Page 1 of 3
NagiosXI Socket Timeout Issue
Posted: Mon Jan 13, 2014 12:30 pm
by sievers
Hello,
we are having a very annoying problem. On random Servers with random Services we are receiving Socket Timeout errors. Here is what have already tried to remedy:
- Update the NSClient on the Server .......no help
- Increase the timeout value to 40 seconds.......no help (We even increased it to 100 seconds to test it, it still timedout)

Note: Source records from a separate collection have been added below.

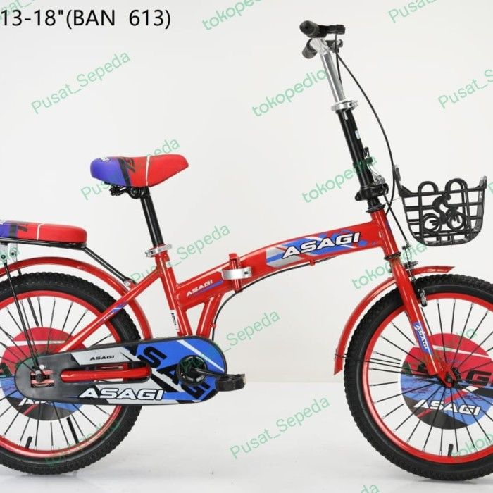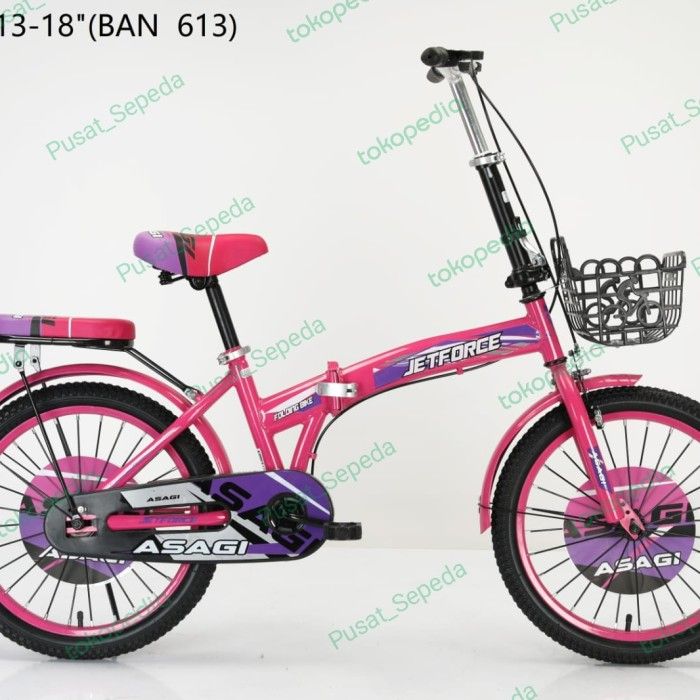 Sepeda lipat anak ukuran 18"inch 5 sd 8 tahun ada roda bantu - Merah Muda Sepeda Anak Roda Tiga 3
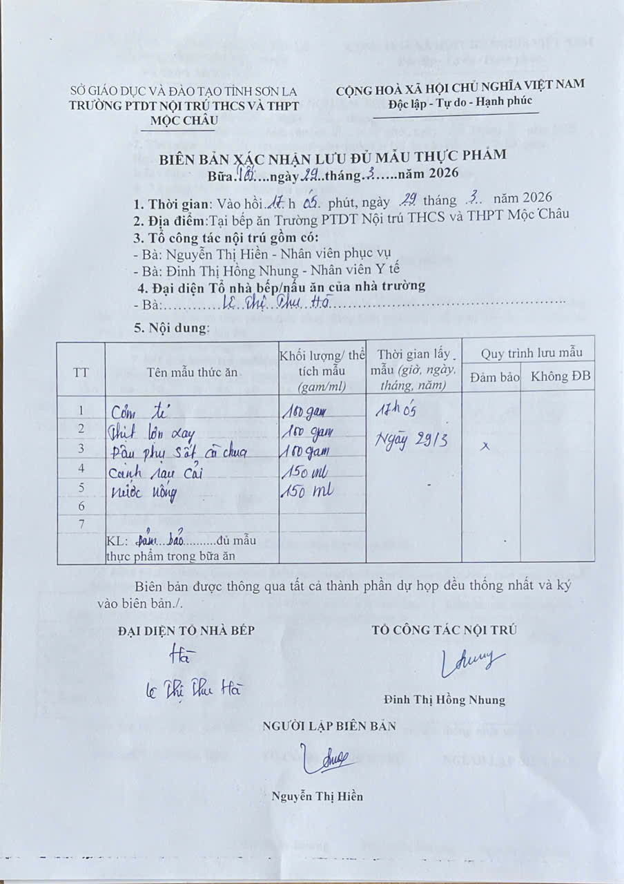 Hình ảnh và biên bản bữa sáng,trưa ngày 30/3/2026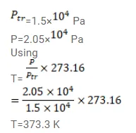 A constant volume thermometer registers a pressure of $1.500 \times 10^{4} \mathrm{~Pa}$ at the triple point of water and a pressure of $2.050 \times 10^{4} \mathrm{~Pa}$ at the normal boiling point. What is the temperature at the normal boiling point?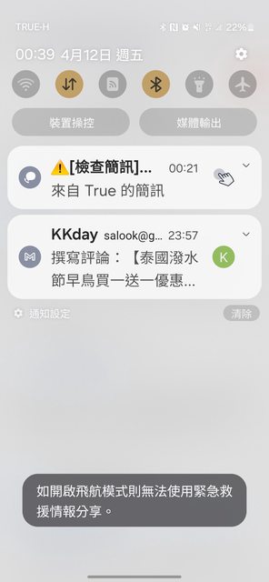 發現按了會出現"如開啟飛航模式則無法使用緊急救援情報分享"的提示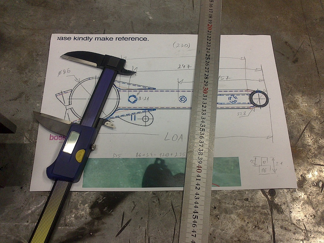 Proovisin siis mööta originaalpikkused ja need paberile kirja. Ei plaani kiiget pikemaks teha, kuna siis vajab kohe ka amordi kinnitus ringitegemist. Samas ta teoreetiliselt vöiks küll kurvis külglibisemist sujuvamaks muuta, kuid tegu on siiski 100 cc masinaga, jääb nagu on.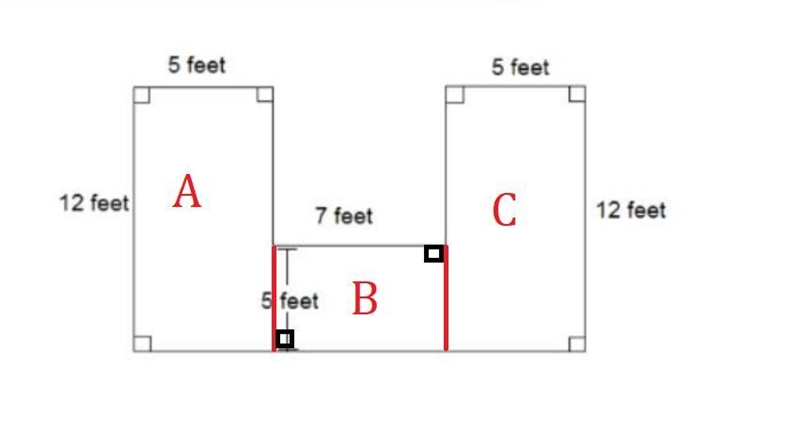To calculate the area of this figure, we will divide it into three smaller figures as shown in the attached file.

- Restart the Nagios Server.....No help
There is no lag or latency between the Nagios Server and the monitored Server since they are all in the same ESX Farm in the same location and subnet. I triplechecked Firefall settings, but everything is ok
See Screenshot
nagioseeror.PNG
The problem is that the service recovers for a few minutes and then it starts over again, as you can see from the my mailbox below
nagioseeror2.PNG
Can you please help me, thanks
Our Version is Nagios XI 2012R1.6 on Centos 6.2 64bit
Re: NagiosXI Socket Timeout Issue
Posted: Mon Jan 13, 2014 12:35 pm
by abrist
Are you sure this server is working correctly? Is the nsclient service hanging/restarting? (check the event logs)?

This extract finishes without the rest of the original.